>>>>>

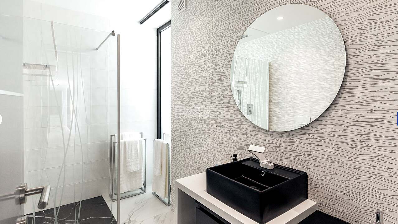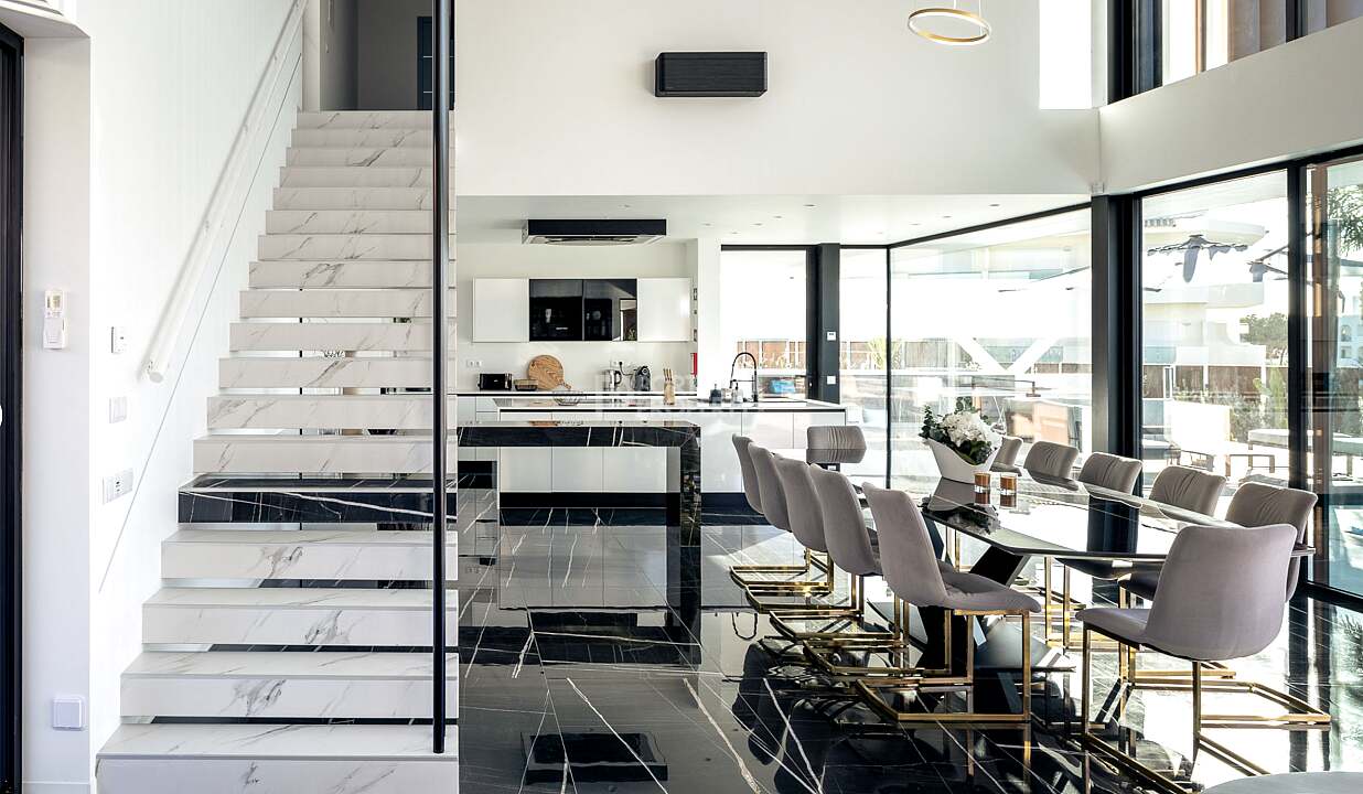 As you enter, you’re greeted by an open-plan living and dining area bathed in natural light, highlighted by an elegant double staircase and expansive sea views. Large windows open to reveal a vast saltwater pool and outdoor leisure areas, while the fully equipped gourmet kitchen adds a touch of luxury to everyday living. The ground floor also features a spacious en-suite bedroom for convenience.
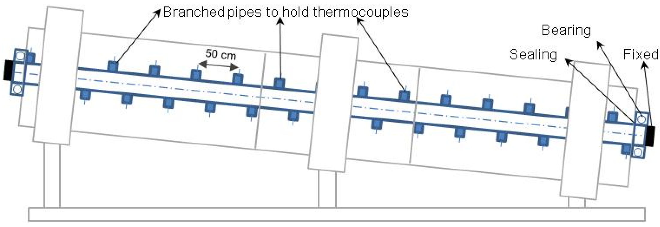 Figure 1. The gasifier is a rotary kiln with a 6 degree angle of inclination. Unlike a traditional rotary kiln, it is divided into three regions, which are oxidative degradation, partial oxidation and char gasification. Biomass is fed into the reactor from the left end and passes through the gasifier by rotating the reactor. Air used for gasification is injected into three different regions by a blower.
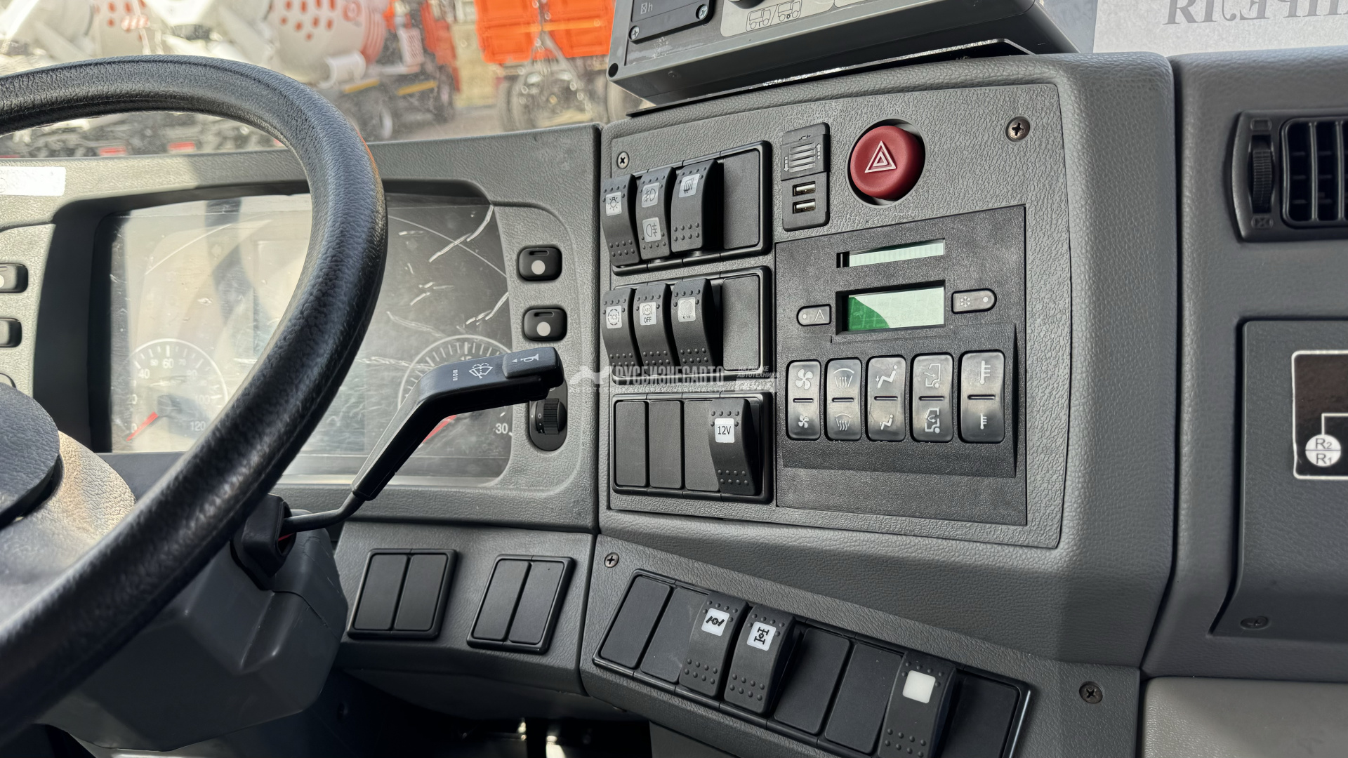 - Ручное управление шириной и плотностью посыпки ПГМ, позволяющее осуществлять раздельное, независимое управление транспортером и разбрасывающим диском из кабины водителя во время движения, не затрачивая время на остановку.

<<<<<
>>>>>

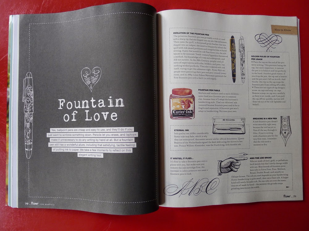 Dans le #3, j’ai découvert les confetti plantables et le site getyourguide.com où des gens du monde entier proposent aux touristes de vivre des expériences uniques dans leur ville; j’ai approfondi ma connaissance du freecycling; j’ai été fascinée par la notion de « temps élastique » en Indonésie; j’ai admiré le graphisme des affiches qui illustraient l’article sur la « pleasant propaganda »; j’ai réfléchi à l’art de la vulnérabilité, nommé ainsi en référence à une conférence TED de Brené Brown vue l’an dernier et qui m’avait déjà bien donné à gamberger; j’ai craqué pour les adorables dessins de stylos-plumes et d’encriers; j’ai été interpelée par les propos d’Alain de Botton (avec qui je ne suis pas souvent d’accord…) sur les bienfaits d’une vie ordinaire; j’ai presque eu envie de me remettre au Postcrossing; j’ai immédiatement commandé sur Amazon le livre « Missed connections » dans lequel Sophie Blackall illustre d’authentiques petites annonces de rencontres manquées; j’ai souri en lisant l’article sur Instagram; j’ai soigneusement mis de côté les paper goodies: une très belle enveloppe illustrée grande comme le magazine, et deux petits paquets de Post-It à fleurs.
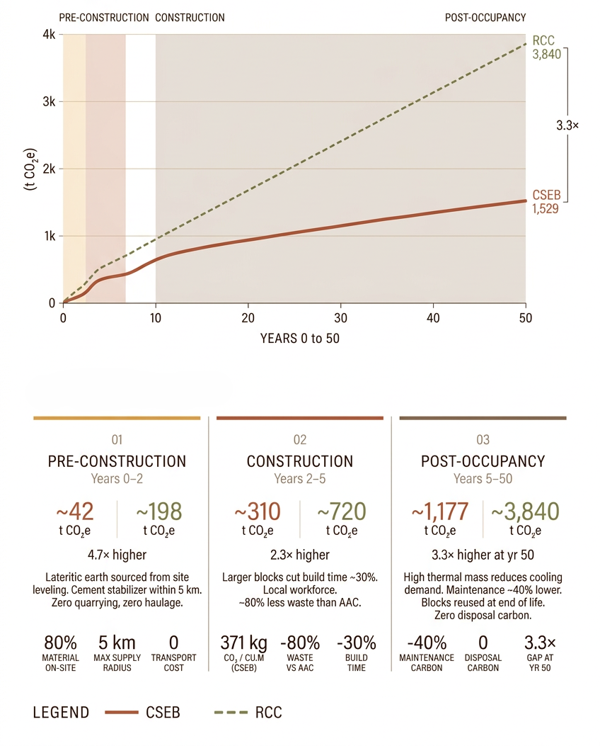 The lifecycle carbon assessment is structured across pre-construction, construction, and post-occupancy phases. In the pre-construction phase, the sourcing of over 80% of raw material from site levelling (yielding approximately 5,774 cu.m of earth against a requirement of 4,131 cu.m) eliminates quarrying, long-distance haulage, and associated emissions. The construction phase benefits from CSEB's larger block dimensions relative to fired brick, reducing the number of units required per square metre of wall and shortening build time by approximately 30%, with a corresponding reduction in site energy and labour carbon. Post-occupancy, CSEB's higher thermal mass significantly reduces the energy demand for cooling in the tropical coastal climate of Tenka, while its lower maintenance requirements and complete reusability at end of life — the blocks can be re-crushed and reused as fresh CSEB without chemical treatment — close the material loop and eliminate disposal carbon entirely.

<<<<<

Start at the line above containing "Figure 1. The" and stop at the line containing "- Ручное управление": print those lines and everything between them exactly, but not the pictures.

_ANSWER TO THIS TASK_
 Figure 1. The gasifier is a rotary kiln with a 6 degree angle of inclination. Unlike a traditional rotary kiln, it is divided into three regions, which are oxidative degradation, partial oxidation and char gasification. Biomass is fed into the reactor from the left end and passes through the gasifier by rotating the reactor. Air used for gasification is injected into three different regions by a blower.
 - Ручное управление шириной и плотностью посыпки ПГМ, позволяющее осуществлять раздельное, независимое управление транспортером и разбрасывающим диском из кабины водителя во время движения, не затрачивая время на остановку.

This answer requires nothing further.